【紹介】
『菜根譚』は今から三百数十年前、中国明代の洪自誠が人間いかに生くべきかを、様々な角度から論じた人生指南の書である。(裏表紙紹介文より)
【感想】
福沢諭吉の「福翁自伝」か、新渡戸稲造の「修養」でよく登場していた本です。どちらに出ていたか、記憶は定かではありませんが、お札になるくらいの人も読んでいた本です。
いもや大根のようなごくありふれた食物を食べる生活の中に、本当の人生の味わいがある…(本文より)
この一文に、この本の言わんとすることが要約されています。アランやラッセルの幸福論でも説かれていることですが、お金や地位・名誉などを追い求めた先に幸福は訪れません。菜根譚は、他人の価値観に踊らされずに生きることの大切さを教えてくれる、まさに中華版の「幸福論」といった感じの本です。
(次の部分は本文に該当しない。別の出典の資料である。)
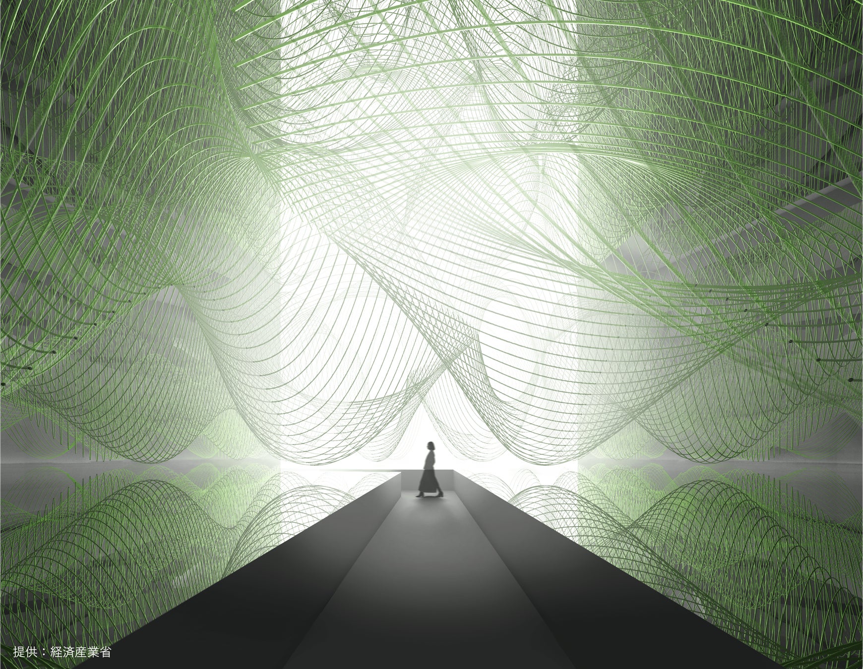 日本館は「いのちと、いのちの、あいだに」をテーマに、「Farm Area(ファームエリア)」「Plant Area(プラントエリア)」「Factory Area(ファクトリーエリア)」の3つのエリアで構成されています。円環状の館内は、生態系の循環や資源の循環など、あらゆる「循環」を演出する仕掛けが施されており、来場者自身もあらゆるいのちとの繋がりの中で生かされている存在として、地球という大きな循環の一部であることに気づかされる造りとなっています。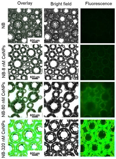 Fluorescent and bright field microscopy of nanobubbles loaded with 0, 8, 80, and 320 nM of FITC-labeled CeNPs after 2 h of LIPUS stimulation for 4 min (1 MHz frequency; 1 W/cm2).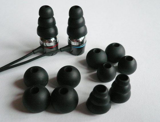 В комплекте идут 2 довольно миловидных чехольчика. В них удобно хранить наушники, чтобы не поцарапать их или ими другие предметы. Насадок положили целых 6 пар, из которых 4 выполнены в виде обычных куполов, а 2 пары — трехлепестковые. Наушники плотно сидят в ухе и звукоизоляция крайне неплохая. Пока лучше мне встречать не доводилось. Но вот уши немного устают. К выбору насадок стоит отнестись внимательно, иначе вы будете получать постоянный дискомфорт.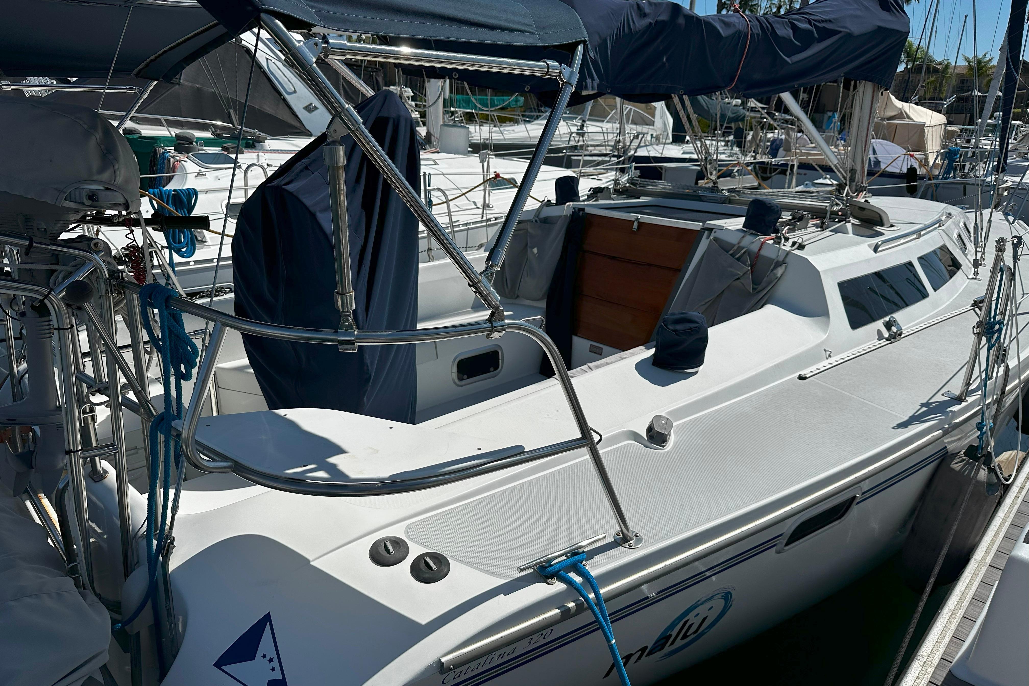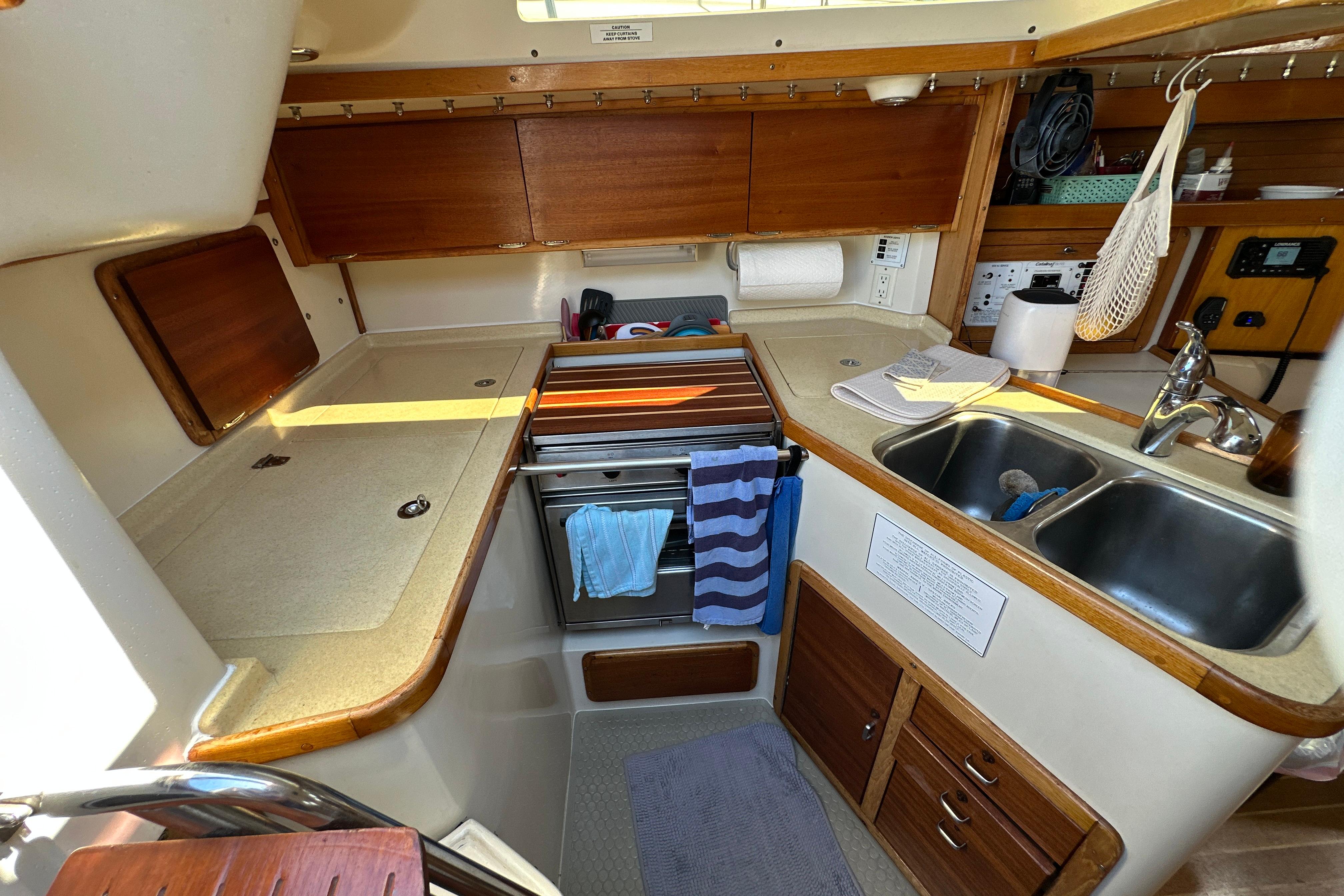The Catalina 320 sleeps 7 with an aft cabin double, V-berth double, convertible dinette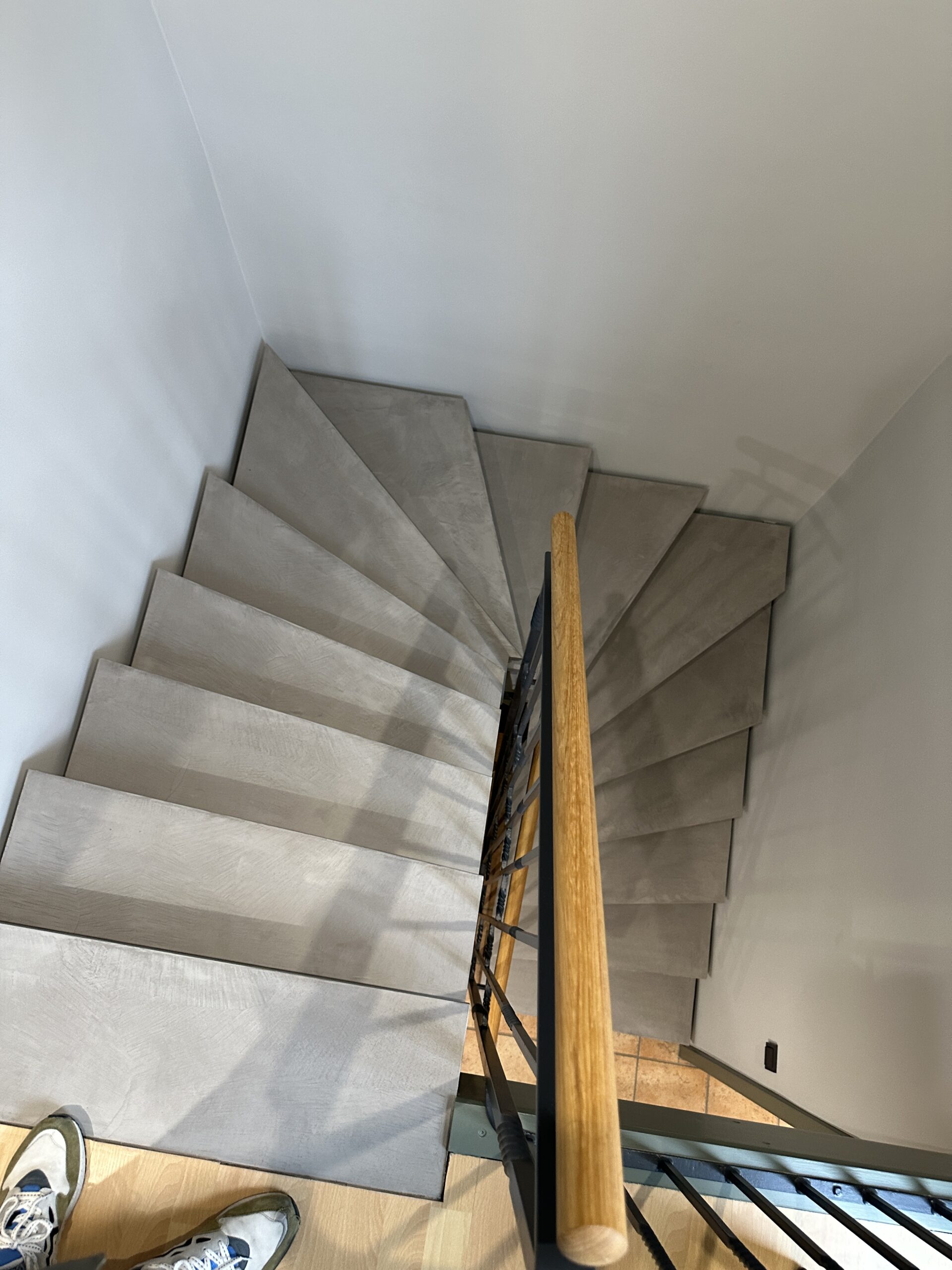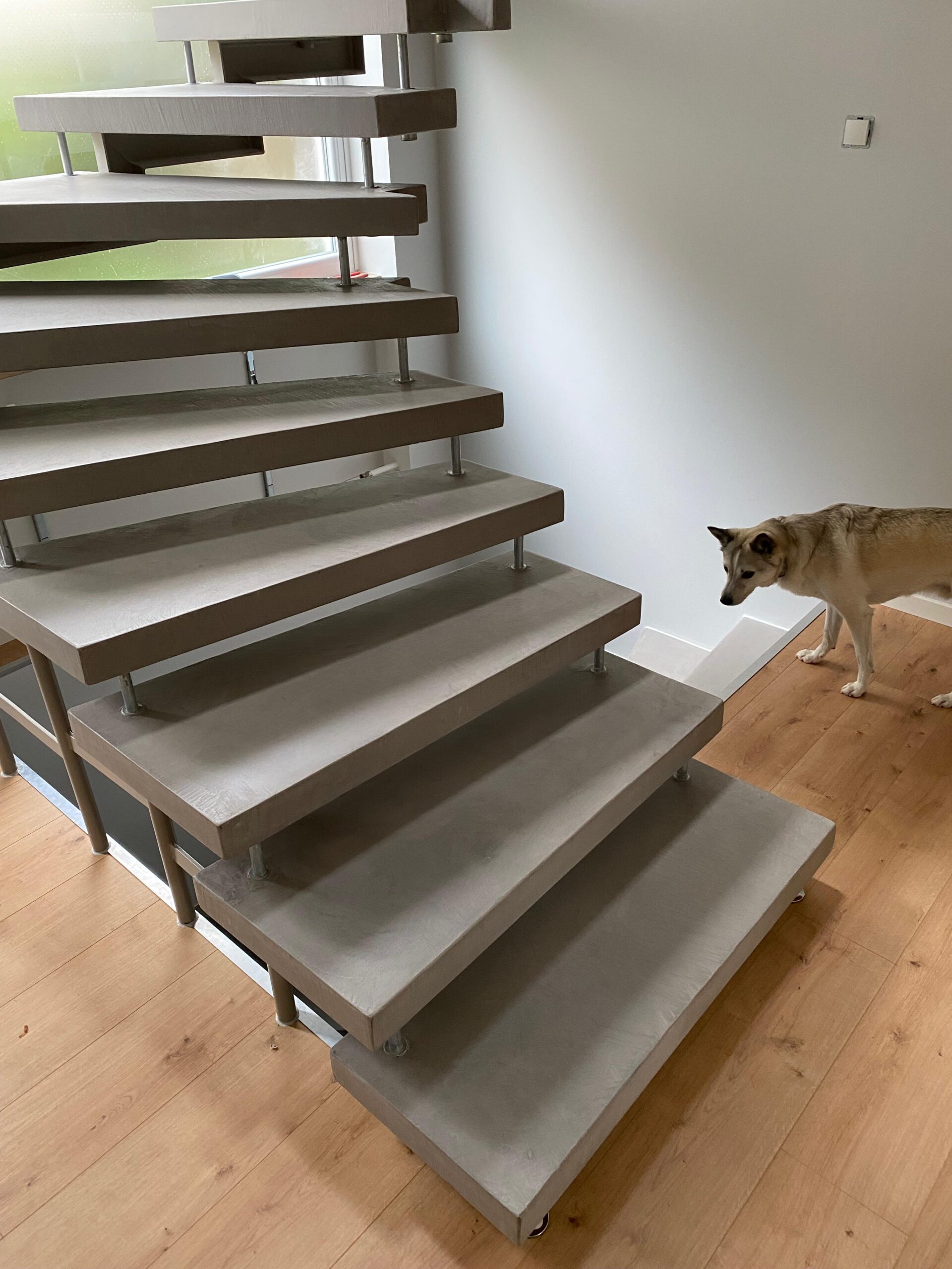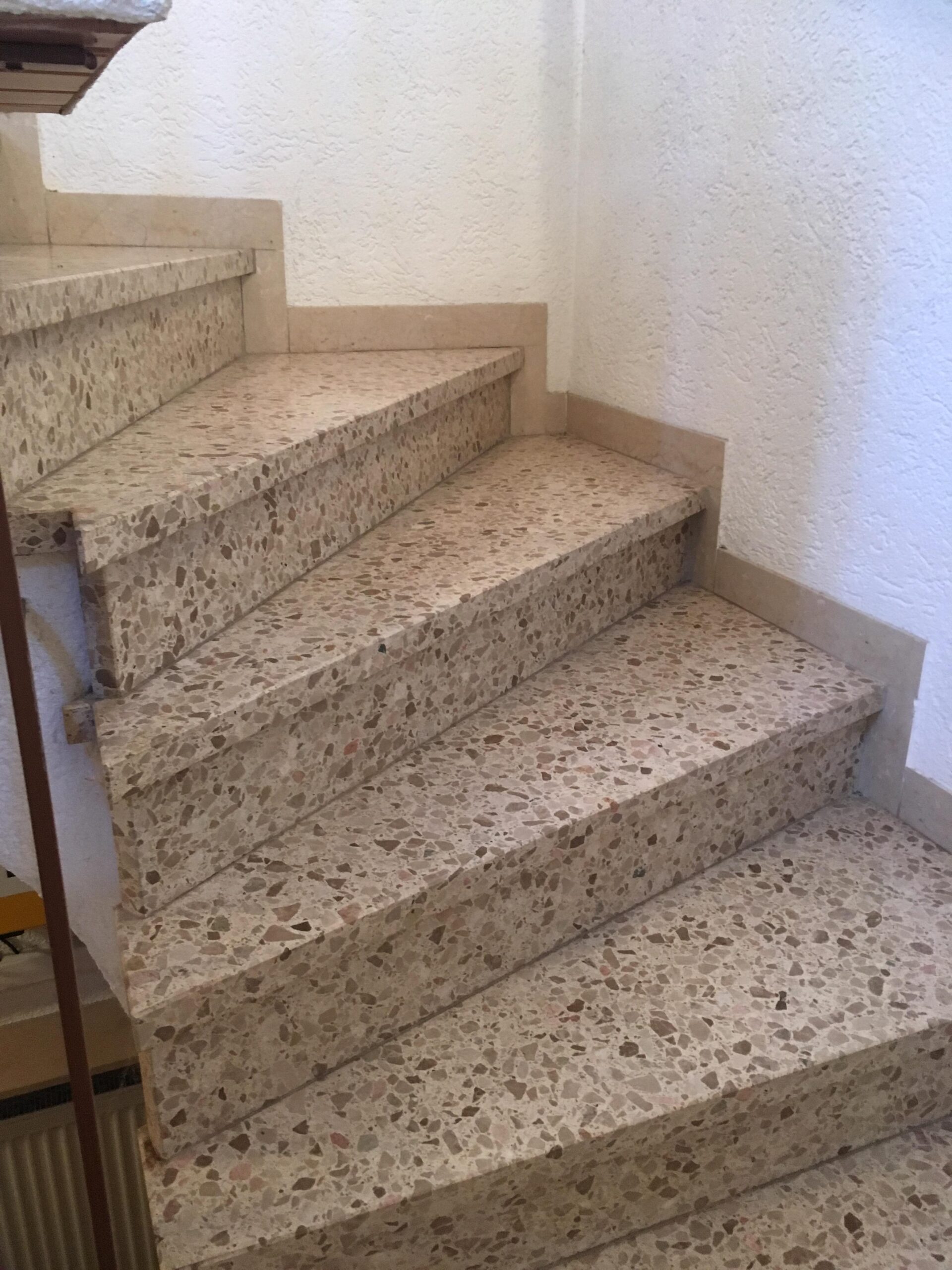 Durch Schleifen und Verdichten entsteht eine gleichmäßige, edle Oberfläche. Zum Abschluss wird die Treppe mit einer widerstandsfähigen Versiegelung geschützt, die sie langlebig und pflegeleicht macht.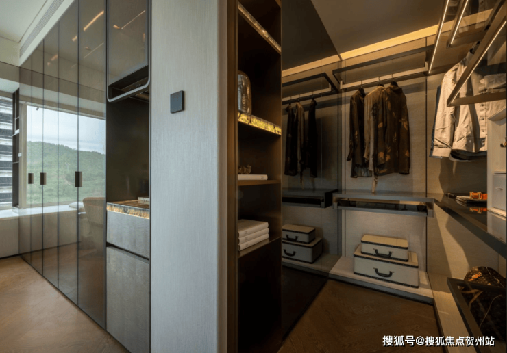 在主卧,除了配置步入式衣帽间,额外预留了一个嵌入式整排衣柜的收纳空间外,而且细分出更多功能区, 让整个空间的动线与空间变得更有情趣 。比方我们看到空间内放置了小冰箱,打造一个迷你水吧台,男女主人恰恰小酒,看着窗外城市美景, 定制专属于星级奢华酒店的松弛感氛围 。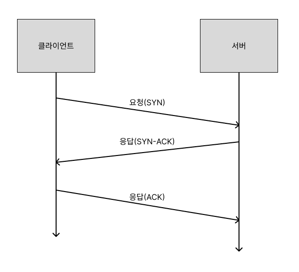 3) 클라이언트가 "응답(ACK)" 메시지를 다시 보내면 연결이 성립됩니다.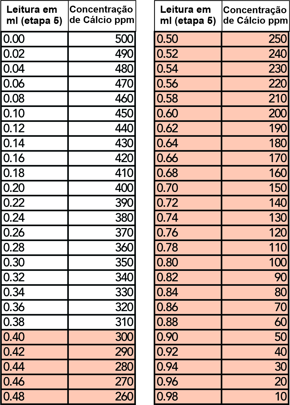 Se você escolheu o modo de resolução mais baixa, multiplique o valor de cálcio da tabela em 2.

人と作りて、甚の高遠の事業無きも、俗情を擺脱し得ば、便ち名流に入る。学を為して、甚の増益の功夫無きも、物累を減徐し得ば、便ち聖境に越ゆ。
[訳文]平凡な人間と生まれて、特別になにも高尚で遠大な事業をしなくても、ただ名誉や利益にひかれる世俗的な心を払い落とせたなら、それでもう名士の仲間に入ることができる。学問をなして、特別になにも学識を増す努力をしなくても、ただ外物によって心をわずらわされることを減らし除くことができさえすれば、それはもう聖人の境地に到達できる。(本文より)
これも、特に気に入っている文の一つです。平凡な人生の、なんと尊いことでしょう。平凡な自分に耐えられずに、円環の理と成り果てたどこかの魔法少女に教えてあげたいくらいです。